Many Twitter handles with blue ticks have always been rambling instead of having a fait accompli with the Union government ever since the outbreak. Many contrarian voices made a mockery of the 21-day national lockdown in exchange with the exodus of thousands of labourers across the country.

Post lockdown period, it was for Sundays that every nook and corner of the erstwhile ‘busy’ India would eagerly wait to adjourn their work to get hold of Prime Minister’s Mann Ki Baat.
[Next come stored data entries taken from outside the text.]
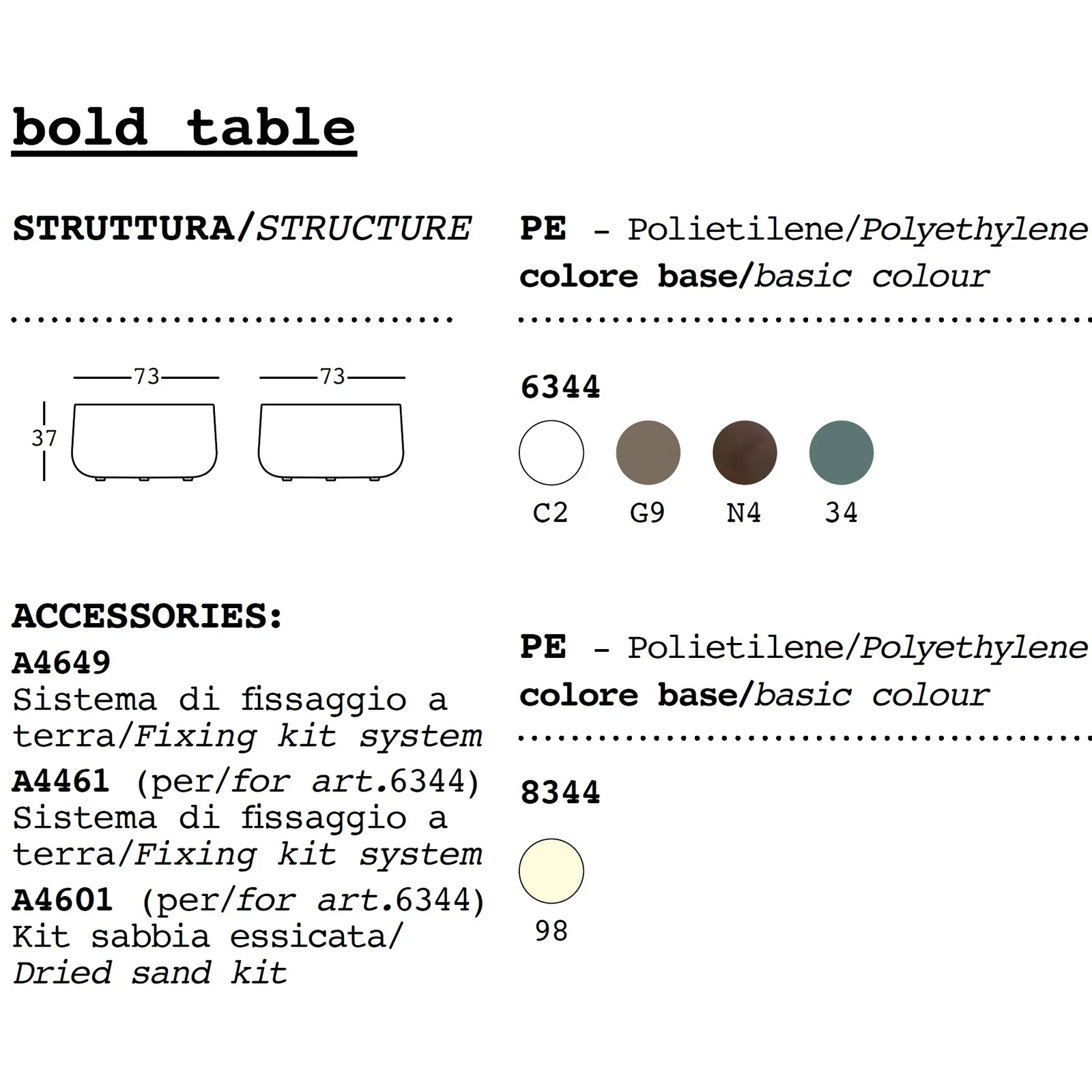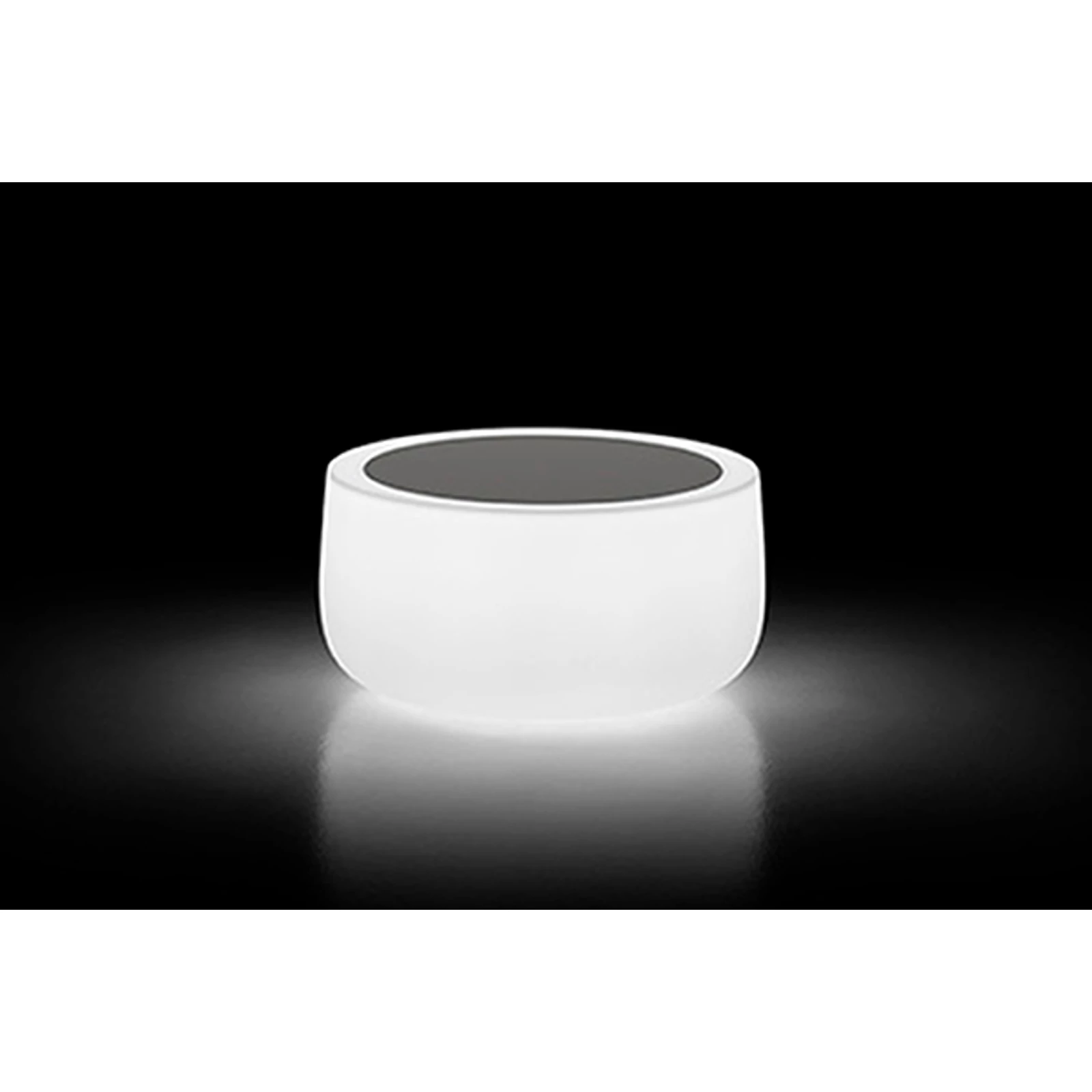 Coffee table matches and completes the "Bold" furnishings family. The top is made an HPL surface, white or black, which is fixed on the polyethylene base-frame. Ideal for creating a convivial area, coffee is available also in luminous version.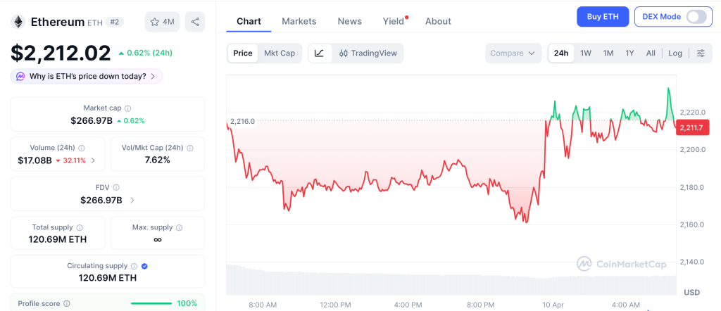Ethereum trades at $2,212 on April 10, up 0.62% in 24 hours after the BitMine NYSE news, according to CoinMarketCap. ETH sits 55% below its $4,953 all-time high with a $267 billion market cap.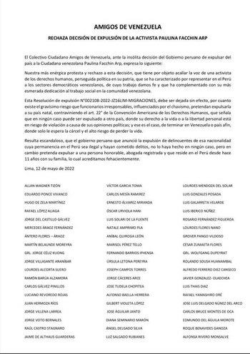 “Nuestra más enérgica protesta y rechazo a esta decisión, que tiene por objeto acallar la voz de una activista de los derechos humanos, perseguida política en su patria, que se ha caracteriza por representar en el Perú a los sectores democráticos venezolanos, de cuyo trabajo damos fe”, se lee en el documento.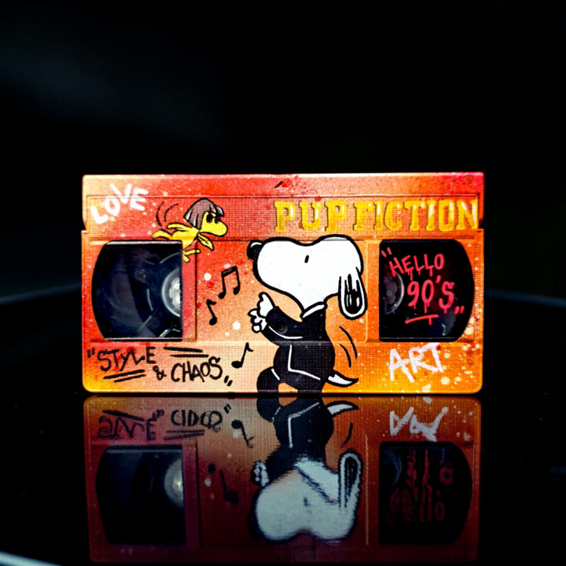 Esta obra de arte contemporáneo única y original "Pup fiction" fue realizada por el artista contemporáneo Rocky Chaplin.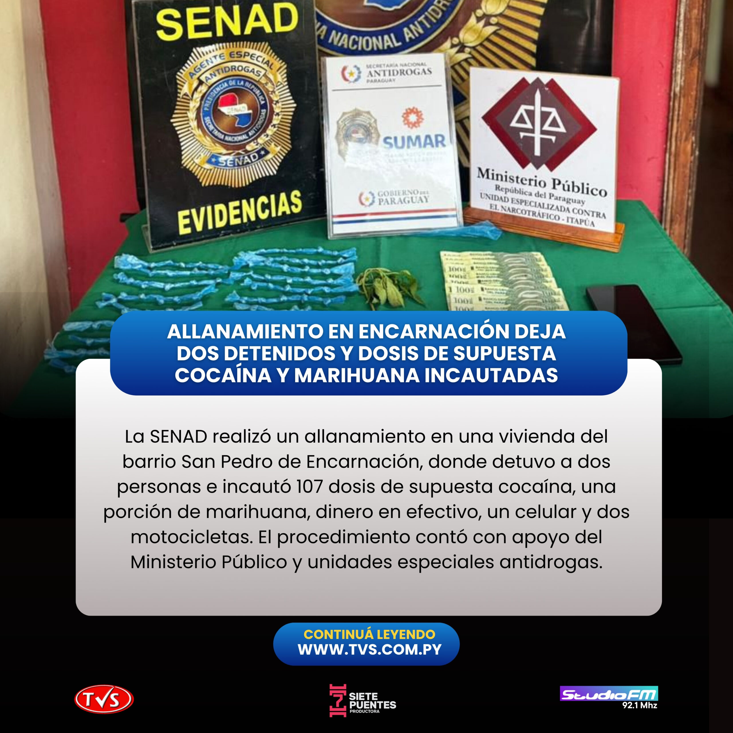 Agentes especiales de la Secretaría Nacional Antidrogas (SENAD), del Departamento Regional N.º 3 Encarnación, en coordinación con fuerzas especiales del Departamento Regional N.º 8 San Ignacio Guazú y con acompañamiento de la Unidad Especializada en la Lucha contra el Narcotráfico del Ministerio Público, realizaron un allanamiento en una vivienda del barrio San Pedro de Encarnación. El operativo se llevó a cabo el 18 de noviembre de 2025, a las 17:28 horas.

The Prime Minister, moreover, handled the crisis conveniently by reviving a sense of confidence among the populace within the shaken walls of the city. He pointed out the discrimination faced by health workers who all are leaving behind everything to save our lives. A word from an impeccable orator does act as a relief, but many were counting over the importance of food, job, and shelter for the poor. Needless to say, some kind Samaritans were taking care of them.

A team at IIT-Bombay and professional and experienced members among the alumni recently developed an app for mobiles called ‘Corontine,’ which would help the authorities keep track of potential or suspected asymptomatic carriers of COVID-19 if they were to leave their quarantine zone.

One thousand buses were allotted by the UP government to fix the jolt made by the fleeing labourers from ‘jhuggi clusters’ across Delhi. Free food from Gurudwara and welfare scheme by the incumbent AAP government has been doing its rounds in the Delhi circle, mostly aimed for the financially backward sections of the society. While in an odd way to curb the macabre caused due to the absence of liquor, the Kerala government, in a rare move, issued a statement for doctors to prescribe liquor to the people who have made it an opportunity to mope and moan over the absence of their daily dose. Apart from that, the Kerala government has been at the forefront to tackle down the deadly pandemic.

But what made the news on April 3 was by a sort an unprecedented mark of service that deserves approbation. Pictures emerged with RSS workers distributing food kits to GB road sex workers who themselves covered with a dupatta over their mouth and nose while receiving the food kits. It was the last thing one would expect from RSS, as the organization has been often labeled as an extremist for their staunch religion politics and ideology, was now seen lending their hands to an ostracized section of the society. RSS Joint General Secretary, Anil Gupta confirmed that a list of 986 sex workers had been made.

We have a very lopsided and inhuman perception of sex workers. People mock them for working on a lost cause and even curse them as untouchables. The sex workers of GB road who have seen no business over the past one week are also devoid of getting vegetables. The vendors hesitate to give vegetables to them on credit. Some of the sex workers are even afraid of getting affected by coronavirus by being exposed to the unhygienic atmosphere within the premise.

While it’s tough to change the century-old perception surrounding the sex workers, what RSS did can be taken as a substantial precedent to rope in more and more NGOs to do a favor for the caged voices of the society and thereby establish a long road to uplift these vulnerable many.

It’s the need of the hour to tie the loose ends to bring in the new normal that involves audacity and thinking big. Someone with a mandate among the masses should lead us from the front. It has been happening. Just listen and act.